■ **Directions for this task**
First find the line with "狀態轉移圖中的每一步包含三個" in the entries below, then set down exactly every line through the line with "Flame Monkey: The", that line included.

■ **Record extracts**

----------

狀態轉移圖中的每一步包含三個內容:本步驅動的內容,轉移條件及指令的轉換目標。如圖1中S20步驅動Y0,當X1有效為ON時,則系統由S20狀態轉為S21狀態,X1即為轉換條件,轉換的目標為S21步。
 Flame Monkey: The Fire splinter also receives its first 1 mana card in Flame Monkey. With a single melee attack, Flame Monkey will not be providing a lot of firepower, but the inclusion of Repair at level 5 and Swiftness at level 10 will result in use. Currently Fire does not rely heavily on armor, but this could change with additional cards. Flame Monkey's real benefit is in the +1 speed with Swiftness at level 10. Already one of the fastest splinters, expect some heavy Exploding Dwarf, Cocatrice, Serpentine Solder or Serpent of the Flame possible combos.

----------

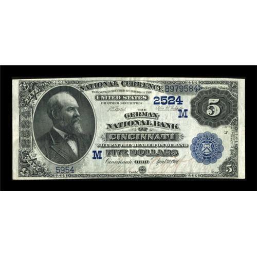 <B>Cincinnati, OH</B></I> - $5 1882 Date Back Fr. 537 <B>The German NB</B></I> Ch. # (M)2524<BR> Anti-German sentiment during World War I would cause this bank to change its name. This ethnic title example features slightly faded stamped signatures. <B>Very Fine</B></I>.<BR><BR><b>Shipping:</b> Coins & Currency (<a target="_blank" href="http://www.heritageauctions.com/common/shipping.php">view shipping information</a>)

----------

■ **Task result**
狀態轉移圖中的每一步包含三個內容:本步驅動的內容,轉移條件及指令的轉換目標。如圖1中S20步驅動Y0,當X1有效為ON時,則系統由S20狀態轉為S21狀態,X1即為轉換條件,轉換的目標為S21步。
 Flame Monkey: The Fire splinter also receives its first 1 mana card in Flame Monkey. With a single melee attack, Flame Monkey will not be providing a lot of firepower, but the inclusion of Repair at level 5 and Swiftness at level 10 will result in use. Currently Fire does not rely heavily on armor, but this could change with additional cards. Flame Monkey's real benefit is in the +1 speed with Swiftness at level 10. Already one of the fastest splinters, expect some heavy Exploding Dwarf, Cocatrice, Serpentine Solder or Serpent of the Flame possible combos.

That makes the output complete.